Pero el tribunal de distrito concluyó que el artículo 922(g)(4) no lo es, tal como se aplica a alguien que ya no padece una enfermedad mental. Desestimó esos cargos de la acusación, lo que llevó a esta apelación por parte de Estados Unidos.
Otros tribunales de apelaciones han llegado a conclusiones divergentes sobre la validez del artículo 922(g)(4). Véase Tyler v. Hillsdale Sheriff’s Department (6th Cir. 2016) (en banc) (inválido excepto cuando se aplica a una persona actualmente peligrosa); Beers contra el Fiscal General (3d Cir. 2019) (válido), remitido con instrucciones para desestimarlo por considerarlo discutible, 590 US 940 (2020); Mai contra EE. UU. (9th Cir. 2020) (válido). Todas estas decisiones son anteriores [the Supreme Court’s decisions in Bruen, Rahimi, Hemani, and Wolford]. Entre Rahimi y Hemani, el Cuarto Circuito rechazó una impugnación facial del artículo 922(g)(4), reservándose la posibilidad de una impugnación tal como se aplica. Estados Unidos contra Gould (4to Cir. 2026). La cuestión está abierta en este circuito….
infierno [and later cases] afirmó rotundamente que “las prohibiciones de larga data sobre la posesión de armas de fuego por parte de delincuentes y enfermos mentales” son presuntamente válidas… Pero… los comentarios de los jueces se refieren a personas que padecen enfermedades mentales, no a personas que solían padecer enfermedades mentales. Sin embargo, el artículo 922(g)(4) se aplica a cualquier persona que alguna vez haya estado internada en una institución mental. Algunas personas son internadas pero liberadas después de recuperarse; otros se cometen por error y se liberan una vez que se descubre el error. Ningún grupo de personas padece una enfermedad mental en la actualidad, pero el artículo 922(g)(4) se aplica a ambas categorías.

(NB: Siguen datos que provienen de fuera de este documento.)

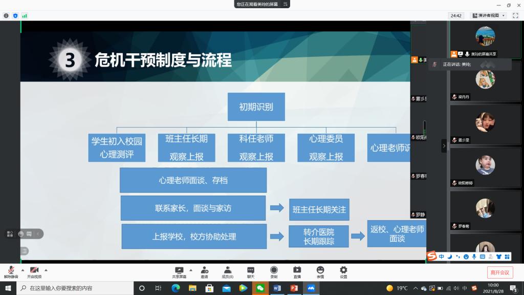 8月28日9:30,美玲老师与第三组成员通过线上腾讯会议开展了第四次会议,会议主要内容有:教案打磨、危机干预制度与流程分享、心理老师工作介绍、班主任工作经验分享。
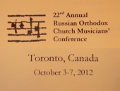 On October 3-7, 2012, the XXII All-Diaspora Church Music Conference was held in Toronto, Canada. Guests from Moscow, Saint-Petersburg and Sergiev Posad took part in the work of the forum that gathered 75 choir directors and singers from the church choirs of Russian diaspora. The conference was organized by the Church Music Committee at the Synod of Bishops of the Russian Orthodox Church Outside of Russia.
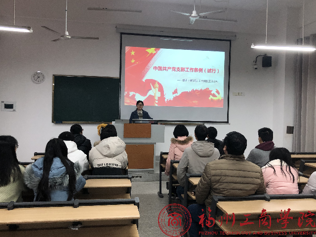 支部书记黄文秀同志从《中国共产党支部工作条例(试行)》的基本概况、组织设置、基本任务、组织生活、党支部委员会建设、领导和保障等方面进行了详细的解读。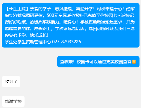 为让资助精准落地、高效暖心,学校学生资助管理中心通过严格审核、细致摸排,结合学生家庭经济状况与实际需求,精准确定帮扶对象。此次餐补500元直接充值至学生校园卡,流程简便快捷,切实缓解了学生开学期间在餐饮及日常消费上的压力,让资助举措既显实效,更有温度。

Los Estados Unidos sostienen que el artículo 922(g)(4) es válido incluso con respecto a personas que nunca fueron peligrosas o que se han recuperado. Ese enfoque es difícil de conciliar con Heller, McDonald, Bruen, Rahimi, Hemani y Wolford. Rahimi rechazó una impugnación del artículo 922 (g) (8) al enfatizar la importancia del peligro actual del acusado para los demás y el hecho de que la determinación del peligro tenía un límite de tiempo. Y Hemani considera inválido el artículo 922(g)(3) aplicado a un consumidor ocasional de drogas del que no se ha demostrado que sea actualmente peligroso (o adicto de una manera que implique incapacidad para controlar sus acciones).
El fiscal cita ejemplos históricos de leyes que desarman a lunáticos y otras personas mentalmente inestables, pero ningún ejemplo de leyes de los siglos XVII, XVIII o XIX que desarmen de por vida a personas cuyos problemas mentales eran transitorios. Hemani analizó varios de los estatutos de compromiso civil de los años 1700 y 1800 y consideró que esos ejemplos no eran pertinentes para una persona que no es demostrablemente peligrosa. Cada práctica histórica relevante desarmó a una persona mentalmente enferma sólo durante el internamiento civil o la locura continua….
Rahimi explica detalladamente que alguien que ahora es peligroso (o que recientemente ha sido declarado peligroso) puede ser desarmado. La Corte dio varias analogías históricas, que no es necesario repetir. Concluía: “Nuestra tradición de regulación de armas de fuego permite al Gobierno desarmar a individuos que presentan una amenaza creíble a la seguridad física de otros”. Pero el uso del tiempo presente por parte del Tribunal (en este idioma y en todo Rahimi) muestra que el artículo 922(g)(4) es problemático cuando se aplica a alguien que ahora está mentalmente sano, parece probable que se mantenga mentalmente sano y, por lo tanto, no “presenta una amenaza creíble a la seguridad física de los demás”. Rahimi también deja abierta la cuestión de si el peligro debe establecerse mediante una sentencia reciente y, de ser así, cuánto tiempo se considera “reciente”. (Rahimi poseía un arma menos de un año después de que un tribunal emitiera una orden que lo declaraba peligroso y prohibía la posesión de armas de fuego).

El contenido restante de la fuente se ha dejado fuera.